» **AVAILABLE DATA**
◇ ◇ ◇ ◇

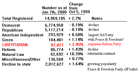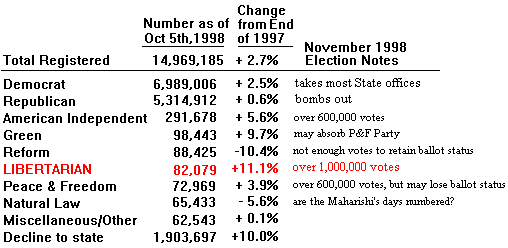 Nevertheless, it fields the largest number of third party candidates, has been growing faster than any party, and it drew the largest number of third party votes in the November 1998 election. In the last figures on registration, the "Natural Law" Party showed strong growth, but this did not make up for absolute losses that it has suffered since 1998, as can be seen by comparison with the chart for 1998 below. The Natural Law Party is actually the party of Transcendental Meditation Guru, the Maharishi Mahesh Yogi. The party's candidates conceal this connection as much as possible, though their actual political program is basically to teach everyone Transcendental Meditation (at public expense). The "American Independent" Party, still the largest "third" party in California, is the descendant of George Wallace's third party campaigns. It is thus, to say the least, very conservative; but many voters who register with it may simply think they are registering "independent." The Reform Party, Ross Perot's
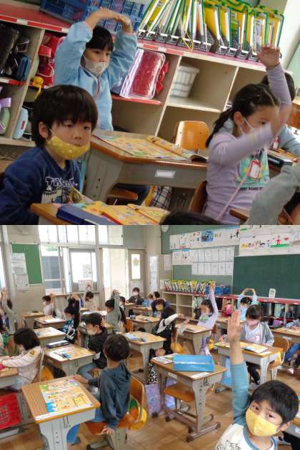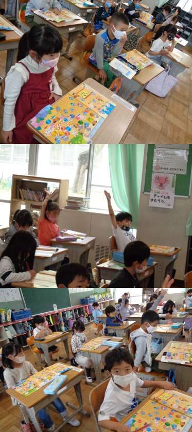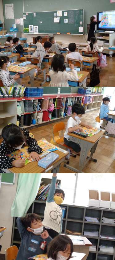 4月28日(水)1年生(2) 公開日 2021/04/28 更新日 2021/04/28 1年 3組もさんすうの授業です。 教室の大型テレビを使って数の確認をしました。 イラストを見てしっかり数えることができました。
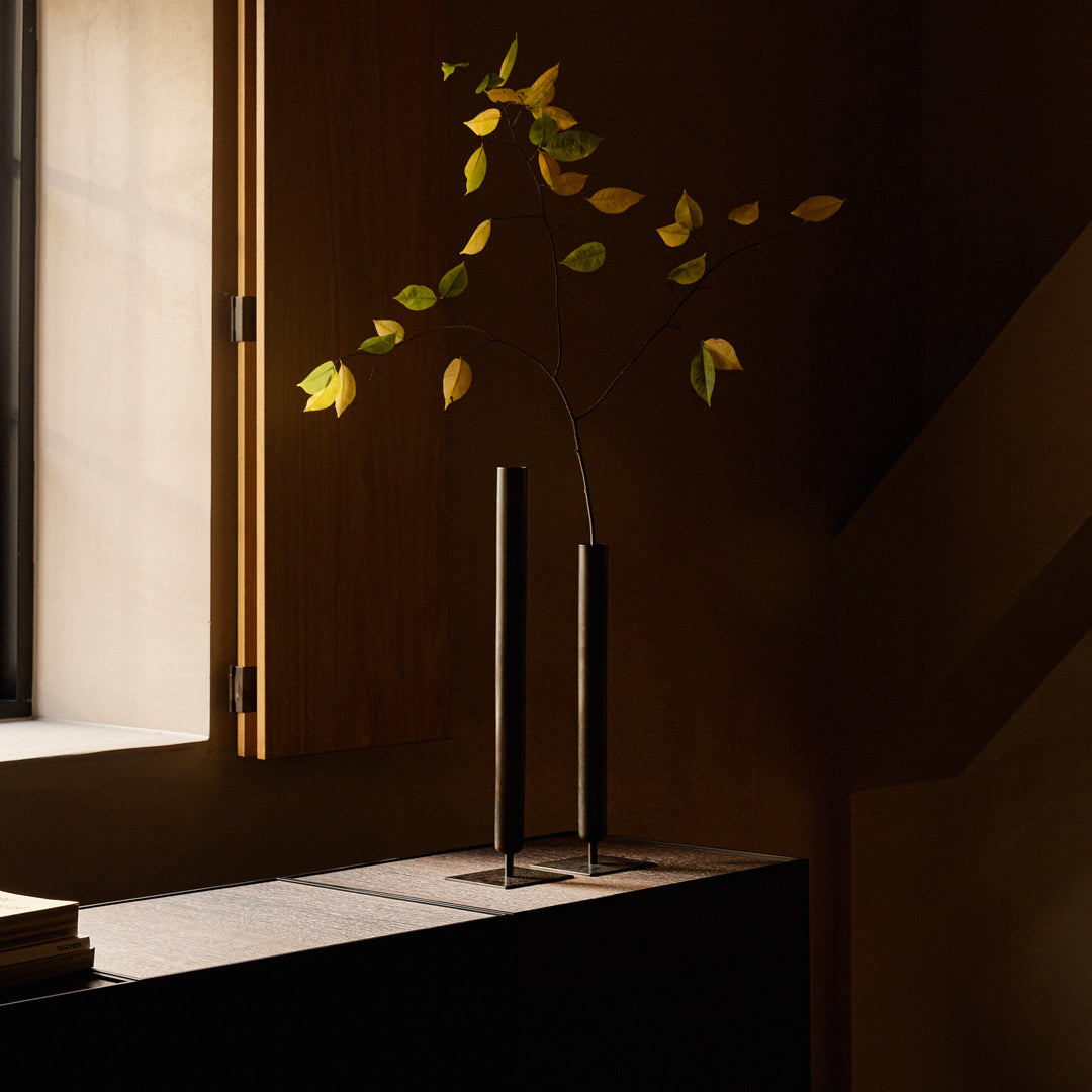 Simple. Sophisticated. Sculptural. The Stance Vase is inspired by traditional display stands to provide support for branches or long-stemmed flowers. The bronzed brass vase patinates beautifully over time and the understated design lends itself to any setting. Available in two sizes.
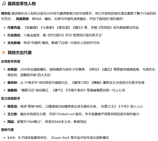 举个例子,我们可以开启「深度思考」模式,然后让模型 选出 2000 年代最优秀的华语流行歌手 。

◇ ◇ ◇ ◇

» **YOUR TASK**
Transcribe the data exactly, minus any images.

» **RESPONSE**
 Nevertheless, it fields the largest number of third party candidates, has been growing faster than any party, and it drew the largest number of third party votes in the November 1998 election. In the last figures on registration, the "Natural Law" Party showed strong growth, but this did not make up for absolute losses that it has suffered since 1998, as can be seen by comparison with the chart for 1998 below. The Natural Law Party is actually the party of Transcendental Meditation Guru, the Maharishi Mahesh Yogi. The party's candidates conceal this connection as much as possible, though their actual political program is basically to teach everyone Transcendental Meditation (at public expense). The "American Independent" Party, still the largest "third" party in California, is the descendant of George Wallace's third party campaigns. It is thus, to say the least, very conservative; but many voters who register with it may simply think they are registering "independent." The Reform Party, Ross Perot's
 4月28日(水)1年生(2) 公開日 2021/04/28 更新日 2021/04/28 1年 3組もさんすうの授業です。 教室の大型テレビを使って数の確認をしました。 イラストを見てしっかり数えることができました。
 Simple. Sophisticated. Sculptural. The Stance Vase is inspired by traditional display stands to provide support for branches or long-stemmed flowers. The bronzed brass vase patinates beautifully over time and the understated design lends itself to any setting. Available in two sizes.
 举个例子,我们可以开启「深度思考」模式,然后让模型 选出 2000 年代最优秀的华语流行歌手 。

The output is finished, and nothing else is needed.